J. S. Bach (1685-1750) is een andere kunstenaar die fascinerend is voor wiskundigen (en natuurlijk vele anderen !). Ook in de werken van Bach vindt men verbazende symmetrieën.

Kurt Gödel (1906-1978) was een wiskundige die een revolutie teweeg gebracht heeft in de logica, en ook hij beschouwde symmetrieën die delen verbinden met het geheel.

Een merkwaardig boek, "Gödel Escher Bach" onderzoekt de diepe banden tussen deze drie uitzonderlijke personnages.

Een van de beroemdste gravures van Escher heet Reptielen. Neem de tijd om ze hier goed te bekijken, want in de film glijdt ze nogal snel voorbij. Op een bladzijde van een schrift ziet men een vlakverdeling met reptielen die perfect in mekaar passen.

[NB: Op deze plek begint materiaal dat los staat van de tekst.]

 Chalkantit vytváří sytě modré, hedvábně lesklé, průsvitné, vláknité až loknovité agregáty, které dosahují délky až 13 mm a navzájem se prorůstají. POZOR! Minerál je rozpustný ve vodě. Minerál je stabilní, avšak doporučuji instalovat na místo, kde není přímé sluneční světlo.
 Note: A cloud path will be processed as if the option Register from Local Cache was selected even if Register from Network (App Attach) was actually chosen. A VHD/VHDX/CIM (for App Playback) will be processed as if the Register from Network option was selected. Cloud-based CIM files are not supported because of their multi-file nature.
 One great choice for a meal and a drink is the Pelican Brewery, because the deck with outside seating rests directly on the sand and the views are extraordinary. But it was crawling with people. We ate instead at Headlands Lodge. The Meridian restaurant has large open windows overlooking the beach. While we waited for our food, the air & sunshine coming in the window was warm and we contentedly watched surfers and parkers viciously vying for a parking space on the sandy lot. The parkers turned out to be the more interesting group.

Zo ziet een platte wereld eruit: de hagedissen die op dat blad papier leven kennen enkel dat blad, en hebben geen benul van de ruimte die hen omringt. Wij kunnen ze zien, en we weten dat hun platte wereld niet meer is dan een blad papier, maar de hagedissen weten dat niet.

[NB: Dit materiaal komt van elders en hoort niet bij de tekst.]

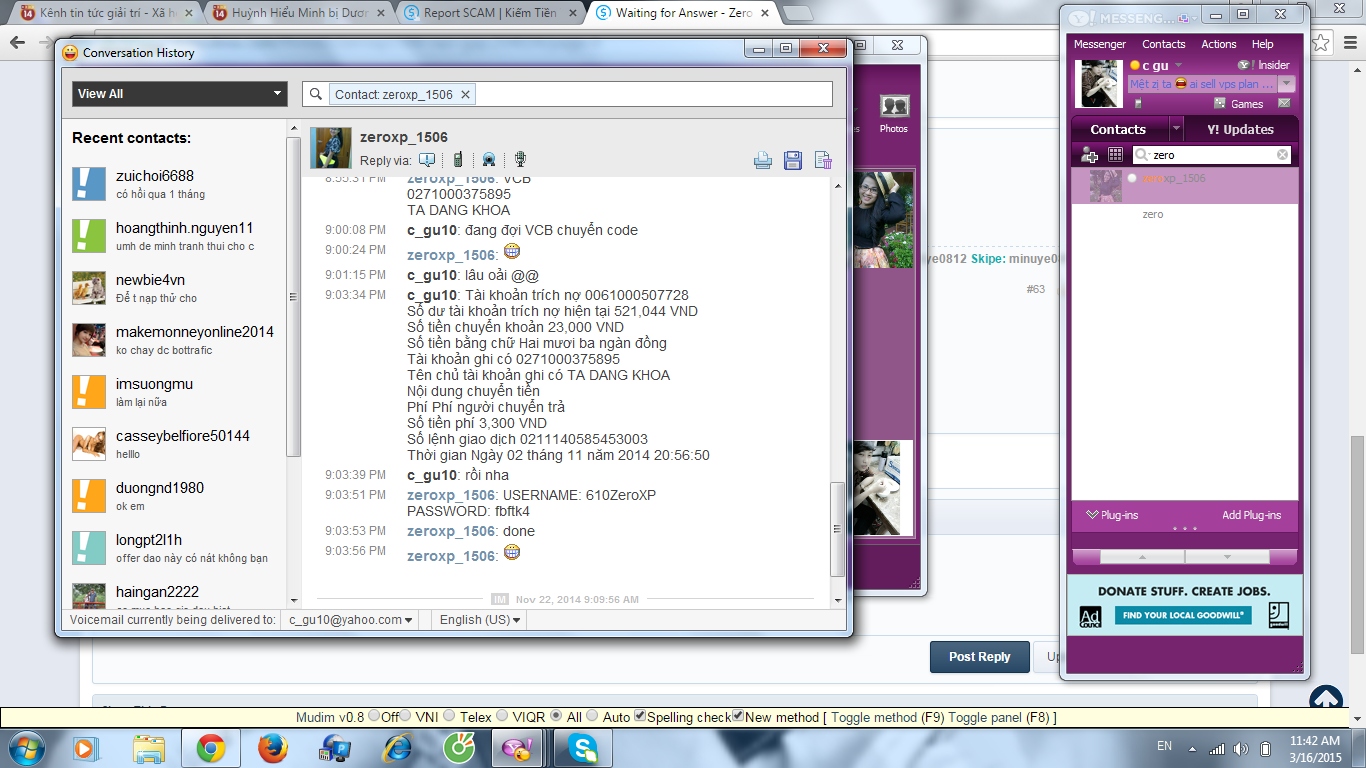 trước có giao dịch một lần, có số VCB , không biết phải tk của chú ấy không , cung cấp được cho thớt được cái stk thôi à![]()

Een van de hagedissen heeft het geluk dat hij kan ontsnappen, en onze wereld kan bezoeken. We zien hem geleidelijk dikker worden, op een boek klimmen, een winkelhaak als brug gebruiken naar een verhoog in de vorm van een dodecaëder, alvorens weer naar beneden te komen en zijn plaats in de platte wereld weer op te nemen, verrijkt door zijn belevenis, zoals een ontdekkingsreiziger die net een nieuw continent ontdekt heeft.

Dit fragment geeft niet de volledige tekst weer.